The penny is dropping that Global Warming is a con….ookaayyyy. I guess it’s fine then that, with oil prices unexpectedly err…going up… we can turn to coal. Quite convenient wouldn’t you say. I mean if we don’t have to worry about climate change, or food, then it’s perfect - we can just substitute to coal which is more polluting, but it doesn’t matter because the world hasn’t been affected by climate change, by resources starting to become affgected (which is what climate change does) and what we are doing isn’t changing the climate, so let’s do these things even more because - magically - there is no result. Action - no reaction.

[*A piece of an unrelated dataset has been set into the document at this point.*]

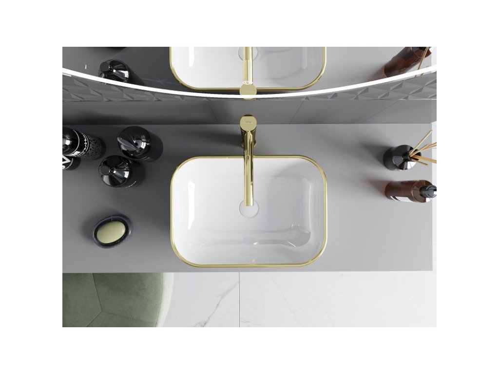 Umývadlo na dosku Mexen Rita je elegantným doplnkom každej kúpeľne. Ponúka minimalistický dizajn v bielej farbe so zlatým mriežkovým vzorom, ktorý mu dodáva jemný a štýlový dojem. Vďaka svojim rozmerom (45,5 x 32,5 x 13,5 cm) a hĺbke 11,5 cm je funkčné a praktické. Je vyrobená zo sanitárnej keramiky, je odolná a ľahko sa čistí. Výrobok nevyžaduje otvor na prepad ani otvor na vodovodný kohútik, čo zaručuje prispôsobenie rôznym dizajnovým štýlom. Je ideálnou voľbou pre tých, ktorí oceňujú moderný dizajn.Diskusia

Amazing psychology. Let’s pat ourselves on the back because we’re so very clever, and we haven’t done anything to degrade our environment. Everything is perfectly normal right. Because change is perfectly normal. Your blog is going to provide a lot of evidence for how come we did so well, because we knew we were so clever. And we knew everything would just keep going perfectly because it’s all a perfect pattern. And then it turned out that we were…right…right?
Sarcasm is not an argument, pollution is not the same as climate change, and making smart cost-benefit decisions is not stupidly doing nothing. But yes, our impact on the climate is small, at worst, and our ability to change it is even smaller. So I’d rather the poor get richer, so they can afford the modern buildings and other adaptations that save lives in the rich world. We’ve been adapting successfully to climate and weather phenomena forever. Why ditch a winning recipe now and sacrifice growth and prosperity to try to control the weather instead? Seems daft to me, and it seems especially dismissive of the poor. Guess they don’t count in your saintly calculus.